The risk for recurrence after radiotherapy was pointed out with initial PSA, Gleason score and stage, which are well-known risk factors, and risk classification is used from these factors (24). Patients judged to be high risk might have progress in unfavorable courses. Duration of time between radiotherapy and biochemical failure influences the outcome (25). Among these factors, the level of PSA is crucial since patients with >30 ng/ml of PSA showed 20% of PSA-free rate at 5 years and this rate was independent of other factors (26). After radiotherapy, insufficient decrease in PSA to reach a low nadir and a rising pattern of PSA are also considered as factors for recurrence (27). Patients showed biochemical failure in short duration from radiation have rapidly growing tumors as estimated from short PSA-DT.
Additional hormone therapy is recommended along with radiotherapy for patients especially with high risk. Radiation combined with hormone therapy decreased the biochemical failure and improved clinical progression-free and cancer-specific survival (28). According to literatures, duration of hormone therapy varies between 4 months and 5 years, or up to appearance of progression (29). The adverse effects of hormone therapy have been indicated recently (30). In the present study, the response to hormone therapy was favorable in general, and this may be attributable to a hormone-naïve condition in patients. Duration of hormone therapy after biochemical failure seems to be long, and this might be due to the presence of residual cancer foci. The treatment period of hormone therapy with radiotherapy is an issue under debate, but it might be advisable to make treatment plans adaptable to the individual situations of patients.

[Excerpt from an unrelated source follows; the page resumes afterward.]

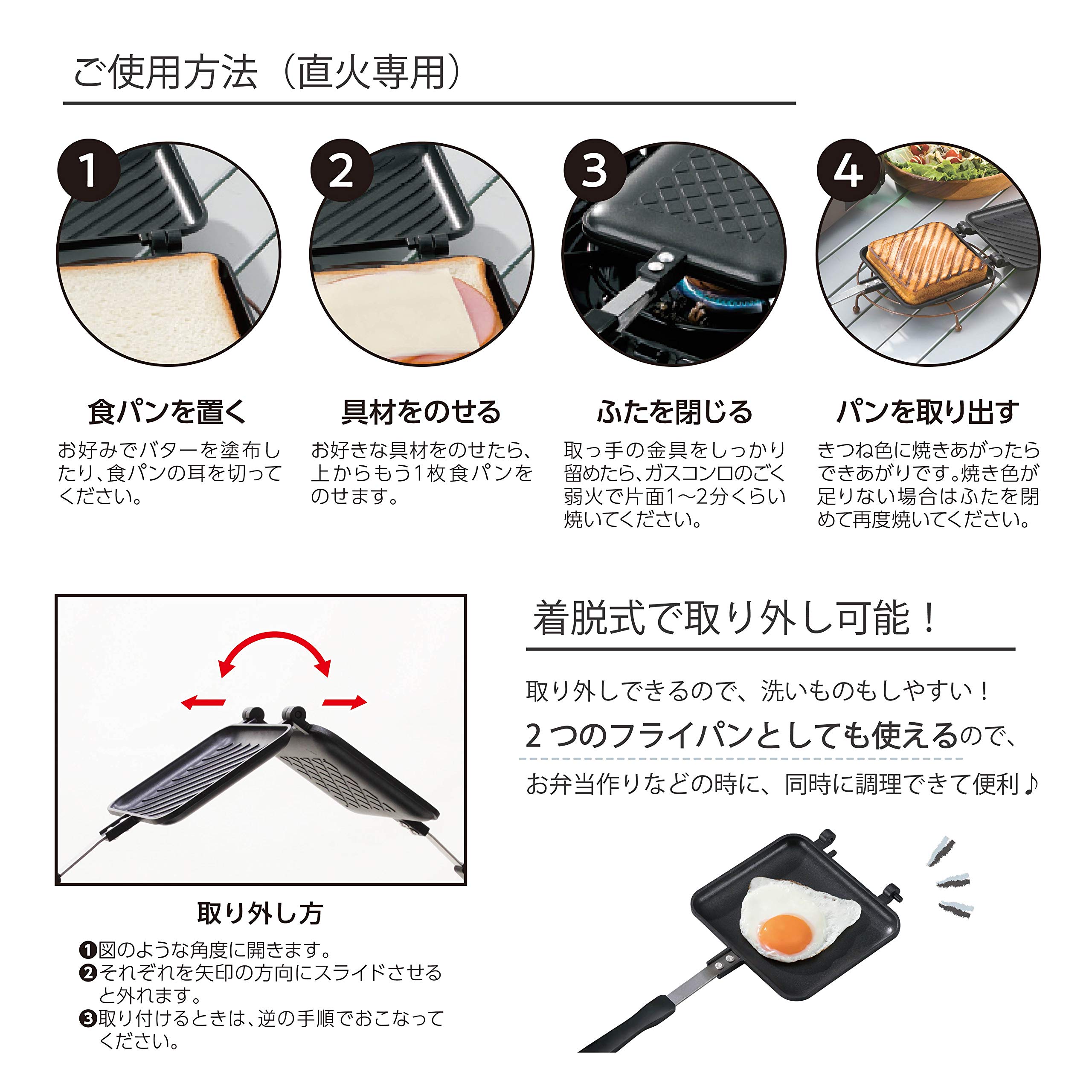 武田コーポレーション 直火式ホットサンドメーカー ブラック 全長35×幅15×厚み3cm 挟んで焼くだけ! HS18-35BK

Patients with T1–T3 prostate cancer who were surgically confirmed to be N0 were treated with radiotherapy. Few biochemical failures were observed in patients with low and intermediate risks. Patients with high risk, however, showed biochemical failure in 64%, in whom 97% of failure occurred by 3 years after radiation. Initial and nadir PSA, and duration between radiation and nadir were the factors for biochemical failure. Some patients with first failure, mostly high risk, showed the second failure, and PSA-DT was the factor for second failure, suggesting that patients with second failure had rapidly growing hormone-independent tumors. Most patients after the biochemical failure responded well to hormone therapy, showing favorable results by delayed hormone therapy. It is emphasized that half of patients with high risk can be treated with radiation and lymphadenectomy alone.
This work was approved by the Ethical Committee of the Asahi General Hospital.